Certain sectors have been worse hit than others. Mining industry profits in the first five months of the year were down 43.6 per cent on year, manufacturing profits fell 16.6 per cent, and private enterprise profits shrank 11 per cent during the same period, China’s statistics bureau said. 

Separate data released over the weekend showed tourist trips and spending fell sharply from a year earlier during the three-day dragon boat festival that ended on Saturday.

Tourism spending over the period was 69 per cent lower than in the previous year at Rmb12.3bn ($1.7bn). 
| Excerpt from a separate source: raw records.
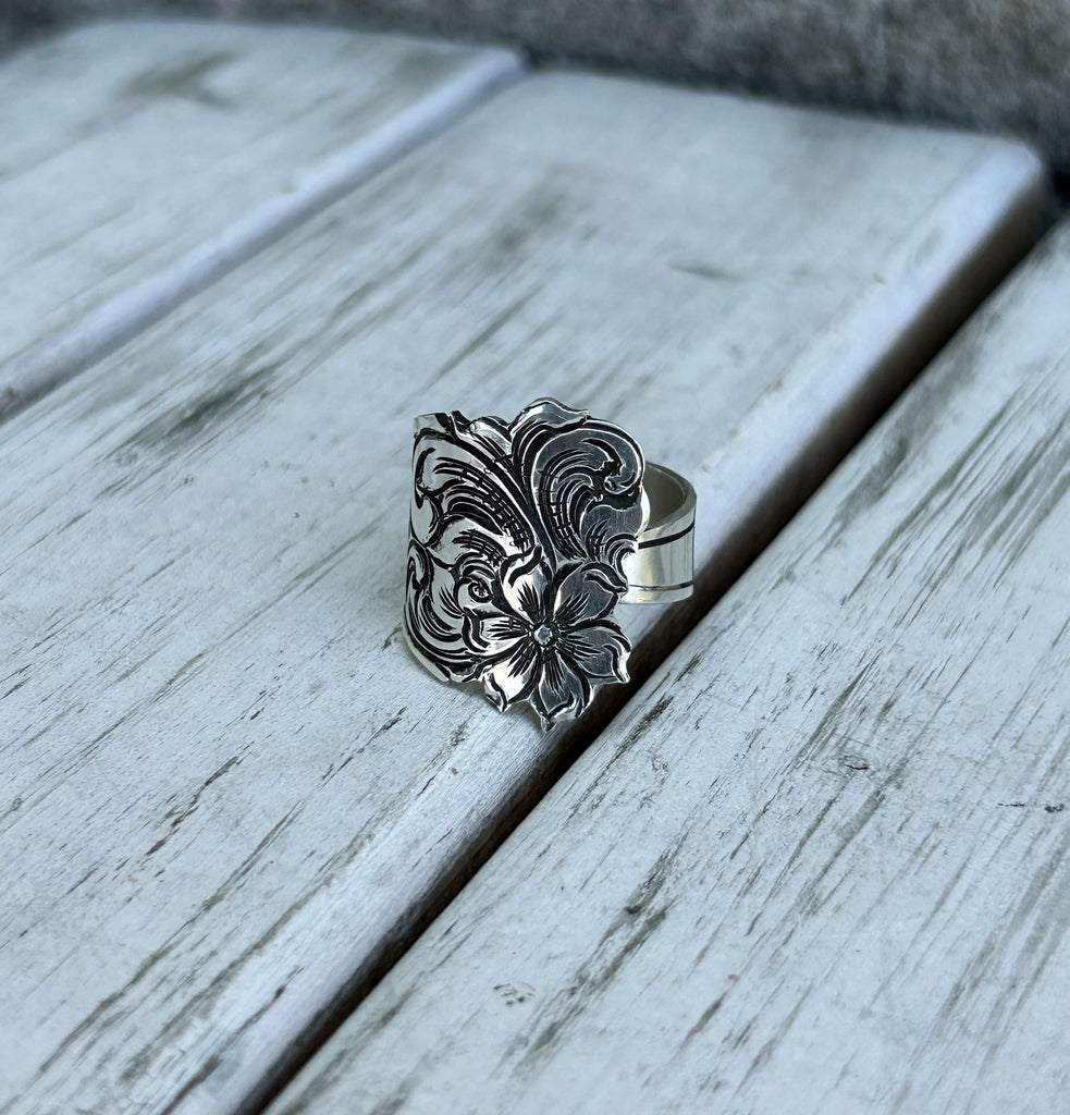 Sterling silver engraved ring. Adjustable, fits 6-8 best
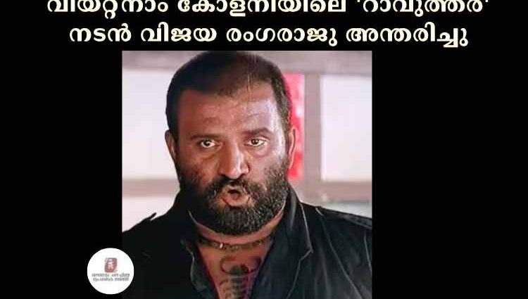 ചെന്നൈ: വിയറ്റ്നാം കോളനിയിലെ ‘റാവുത്തര്’ എന്ന കഥാപാത്രം അവതരിപ്പിച്ച തെലുങ്ക് നടന് വിജയ രംഗരാജു (70) അന്തരിച്ചു. ചെന്നൈയിലെ സ്വകാര്യ ആശുപത്രിയില് ഹൃദയാഘാതത്തെ തുടര്ന്നായിരുന്നു മരണം. കഴിഞ്ഞയാഴ്ച ഹൈദരാബാദില് സിനിമാ ചിത്രീകരണത്തിനിടെ നടന് പരുക്കേറ്റിരുന്നു. തുടര്ന്ന് ചെന്നൈയിലെ സ്വകാര്യ ആശുപത്രിയിലേക്കു മാറ്റി. ഇവിടെ ചികില്സ പുരോഗമിക്കുന്നതിനിടെയാണു മരണം.
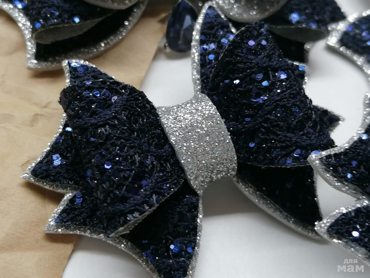 2) Шикарнейший набор из глитерной экокожи. Кто видио видел, подтвердят - он просто божественно сверкает и переливается! Нереальная красота. Большие бантики 10см, маленькие 6,5 см (основа на выбор). В единственном экземпляре. Без повтора.
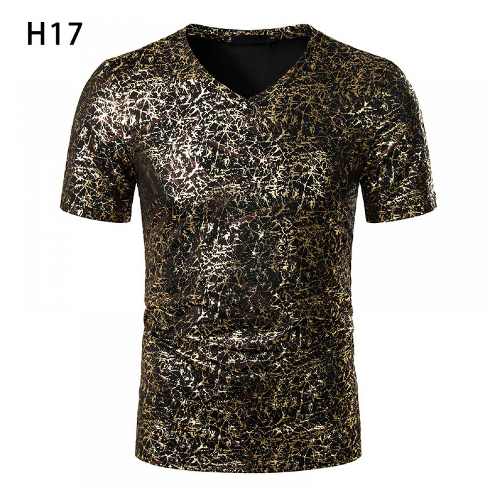 Summer Men's Nightclub Bar Fashion Casual Hot Stamping Printing Short-Sleeved Printed T-Shirt

China shuts down for several holiday breaks during the year during which companies are generally required to give their employees time off. The holidays are traditionally a high point for consumer spending and travel. Tourism contributed more than 11 per cent to China’s economy in 2019. 

However, the number of tourists who visited establishments during the recent holiday fell by roughly half from a year earlier to 49m, data from the culture ministry showed. 

During China’s five day May Day break this year, 115m people made domestic tourism trips, contributing Rmb47.6bn in tourism revenue. The transport ministry reported 79m trips during the dragon boat festival, without providing data for last year.